What is spend visibility?: Strategies for improving financial oversight

/ Posted By - Bradleys Accountants / Categories - Advice for Small Businesses

Did you know that only one in ten UK finance decision-makers has complete spend visibility across their business? Without seeing where the money is going, risk management and resource allocation become much harder.

Investing in expense visibility can be a key factor in a company’s commercial success, as optimised day-to-day spending decisions add to long-term financial oversight and accountability.

In this blog post, we’ll talk about the concept of spend visibility and how to make it work for your organisation.

Highlights of the UK Spring Budget 2024

In simple terms, spend visibility is about a company’s ability to understand and track how capital is used in its business operations. It encompasses tracking, analysing, and understanding spending across various departments, projects, and suppliers.

By leveraging technologies such as data analytics, Artificial Intelligence (AI), and digital platforms, companies can gain real-time insights into their spending patterns, identify cost-saving opportunities, mitigate risks, and optimise their procurement processes.

The better the finance team can identify where, when, and how money is spent, the higher the company’s spending visibility.

It enhances financial transparency and enables strategic decision-making, fosters compliance with regulatory requirements, and ultimately drives operational efficiency and cost-effectiveness within enterprises.

The importance of spending visibility

There are numerous benefits to having high spending visibility. When you know how your money is being used, you can decide how to optimise that usage for maximum business returns, which is key to your long-term success. Investing in spend visibility can help you:

  • Identify specific opportunities and inefficiencies in your spending patterns
  • Improve cost control and reduce resource wastage by only spending on the most efficient activities
  • Streamline your business processes by determining which automation and what team sizes are best
  • Optimise your marketing strategy by focusing on the channels that give you maximum ROI.

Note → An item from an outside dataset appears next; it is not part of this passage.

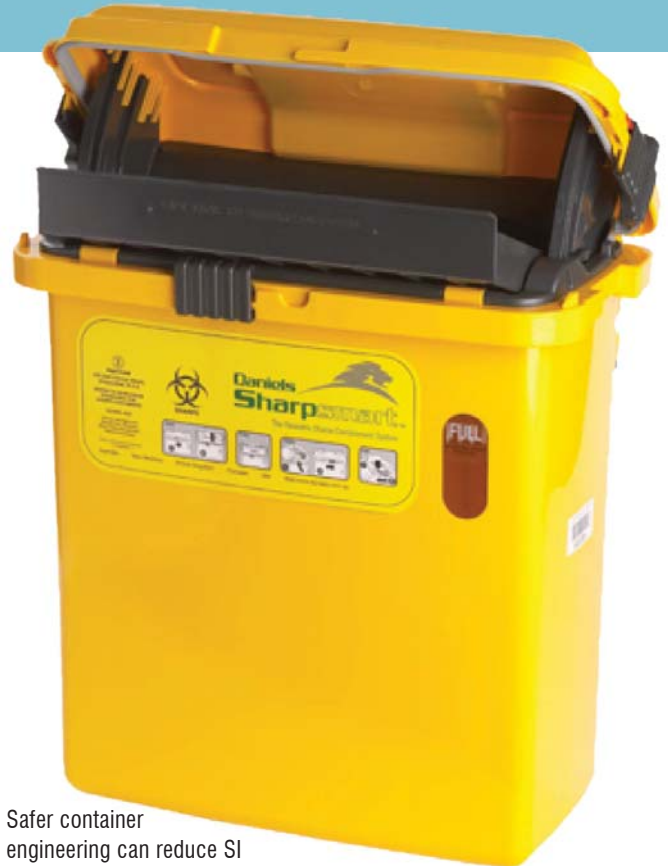
Safer container engineering can reduce SI risk for health-care workers

commonly documented) and many of these (e.g. Ebola, Marburg and malaria) are endemic in South Africa.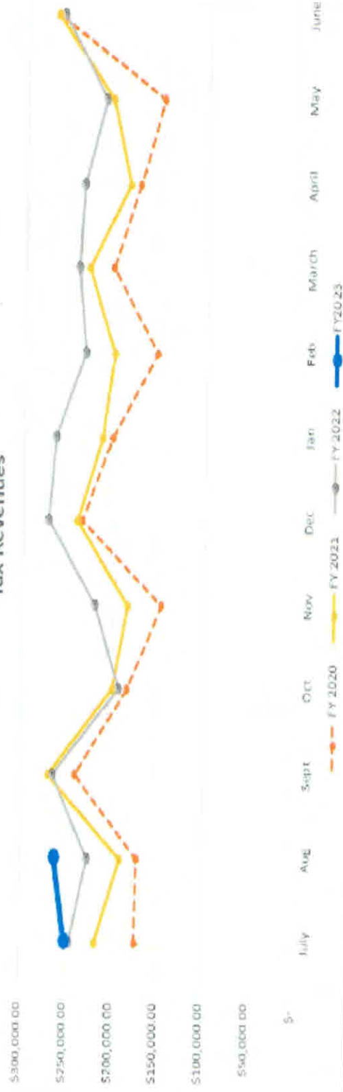
City of Salem, Combined Sales Tax Revenues

Key components of spending visibility

Spend visibility in its ultimate form gives you a comprehensive overview of your organisational budgets and day-to-day individual transactions. There are three main components involved in building this overview:

  • Data capture, i.e. budget tracking and expenditure recording as they occur
  • Spend analysis, i.e. understanding the spending data and deriving insights and recommendations from it
  • Reporting, i.e. the sharing of relevant insights with stakeholders

Each of these three is critical, and together, they form a connected system that gives an accurate picture of the company’s entire purchase cycle.

Expense tracking incorporates elements of predictive analytics, enabling companies to anticipate future spending patterns and potential risks.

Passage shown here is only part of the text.